Хата была сооружена на небольшом возвышении, в стороне от всех, — как бы для бдительного присмотра. Тыльной стороной дом глядел на железнодорожное полотно. Из единственного маленького вороватого окна, полуприкрытого засыхающим абрикосовым деревом, открывался вид на Прохоровский лес, кирпичную казарму и дощатую будку путевого обходчика.
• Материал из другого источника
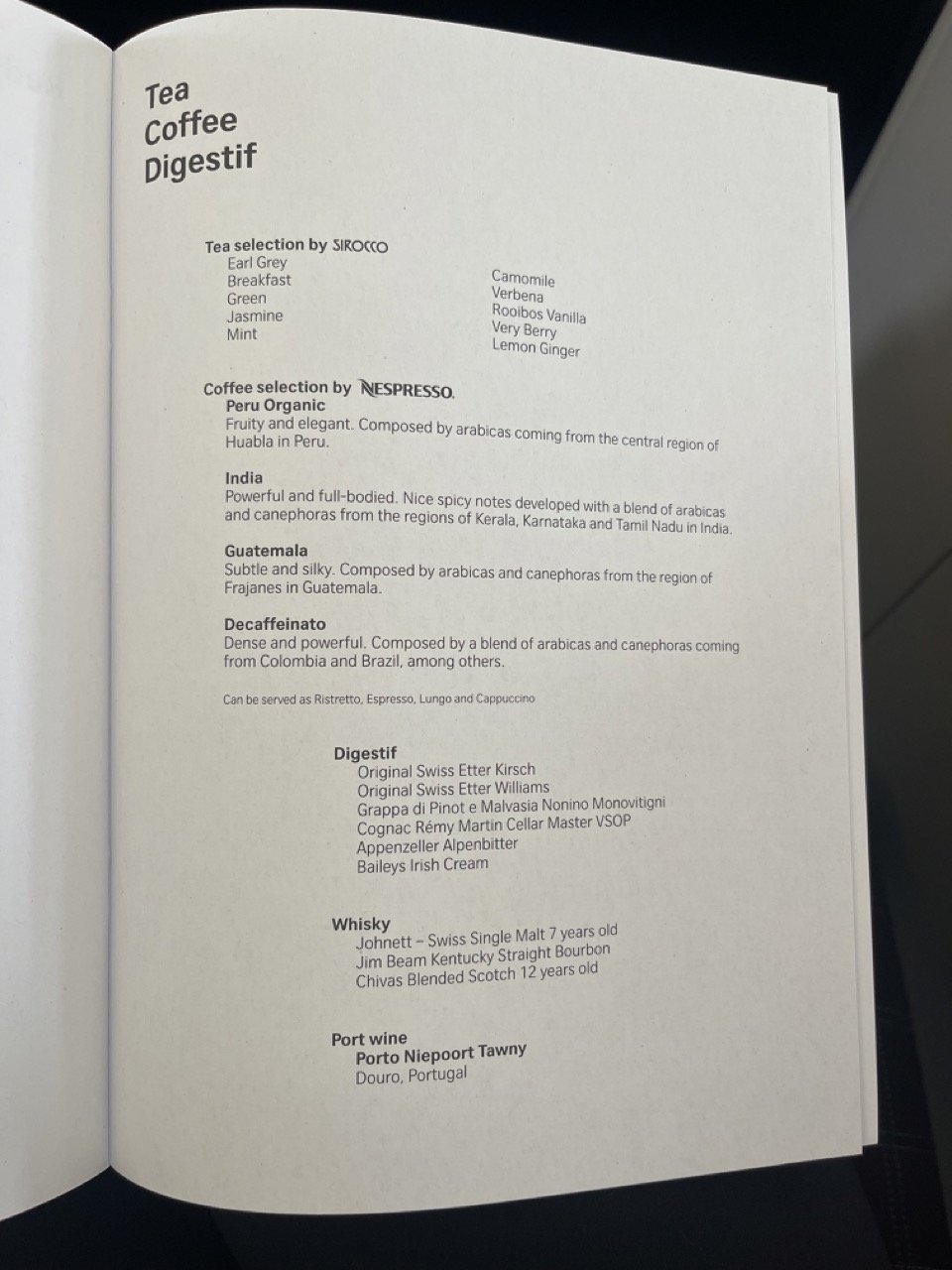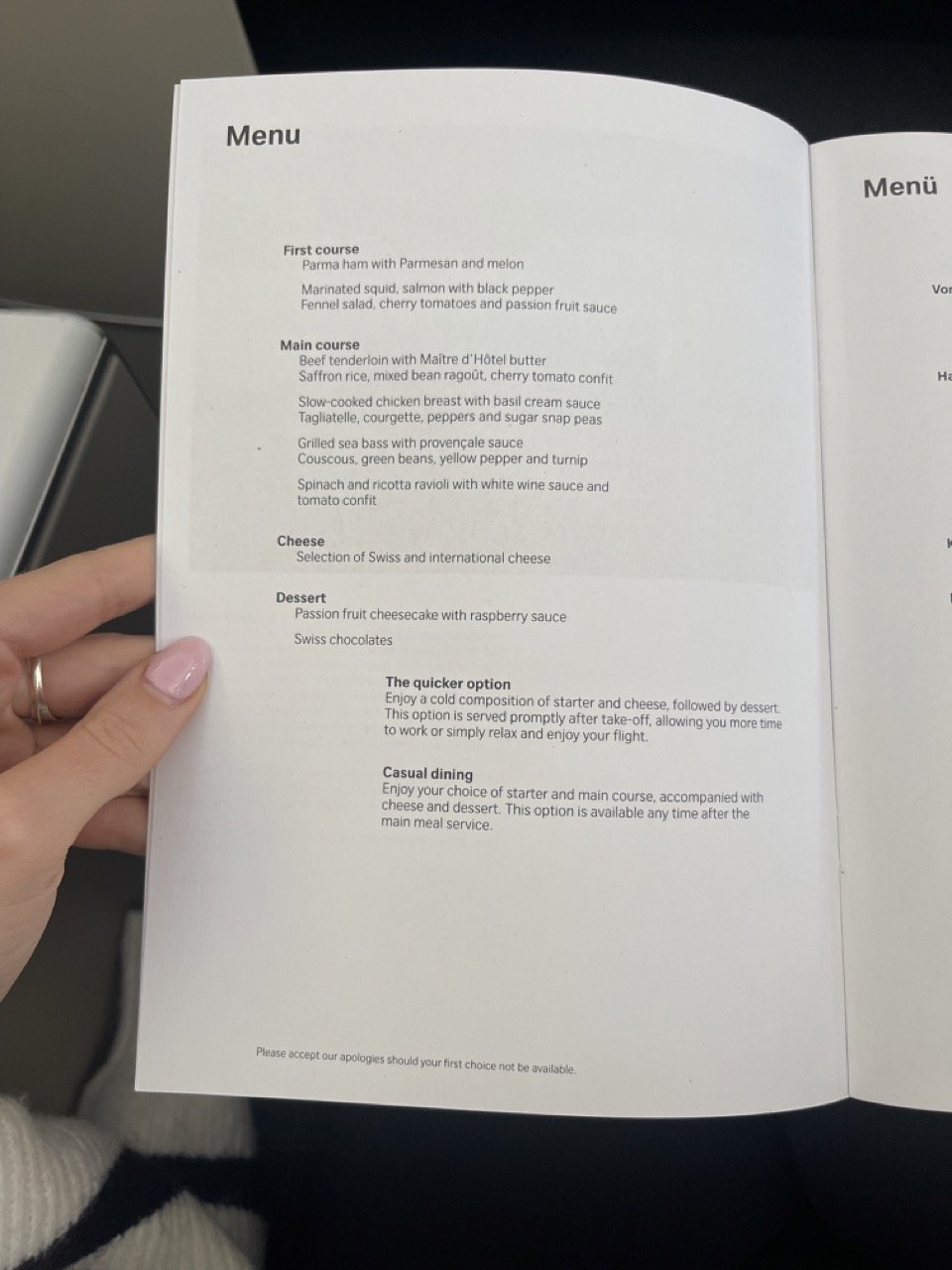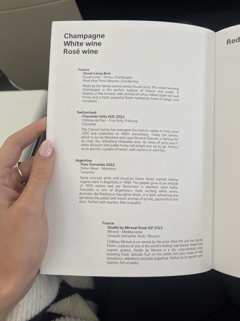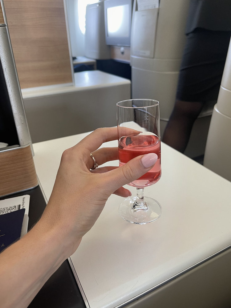 Shortly after boarding, we were offered a choice of complimentary champagne or pink soda. We opted for the soda which was refreshing and delicious. While we enjoyed our soda the cabin crew provided the inflight menu to select our entree and a main, or could opt for the express menu being a selection of cheeses and smaller meals.

Окно в боковой стене смотрело на единственную дорогу, которая вела от насыпи к центру Леплявы. А окна лицевой стороны открывались на шоссе из райцентра Гельмязево в ту же Лепляву и на пустырь, где теперь высятся новые легкие здания Леплявской школы имени писателя-партизана А. П. Гайдара.
Сейчас на дверях избы висит ржавый замок. Время уже выбило в рамах стекла. И видно, как ветер колышет в комнатах белые тюлевые занавески — последнее свидетельство того, что в этом мертвом доме когда-то жили.
Плотный, среднего роста, рано потолстевший полицай (назовем его Глазастый) сидел у себя дома за столом и ужинал с жинкой.
Пятнадцатого и двадцать пятого в райуправе выдавали немецкий паек: бутылку водки, банку рыбных консервов, сырок в серебряной бумажке с таким запахом, что хоть сразу выбрасывай, баночку тертой печенки (а печенки в этой баночке меньше столовой ложки), полкруга ливерной колбасы и увесистую плитку шоколада, который нужно было рубить топором.
Глазастый с пеленок был обжора. За обедом он съедал каравай хлеба, две миски борща, чугунок картошки, а чай пил, закусывая дольками свиного сала. На служебном пайке он бы давно помер с голоду. Но, принося в дом сверток в плотной бумаге, Глазастый всякий раз поучительно заявлял жене:
— Немец — он старательного человека ценит.
И поедание неаппетитного, непривычного пайка обставлял всякий раз с неуклюжей торжественностью.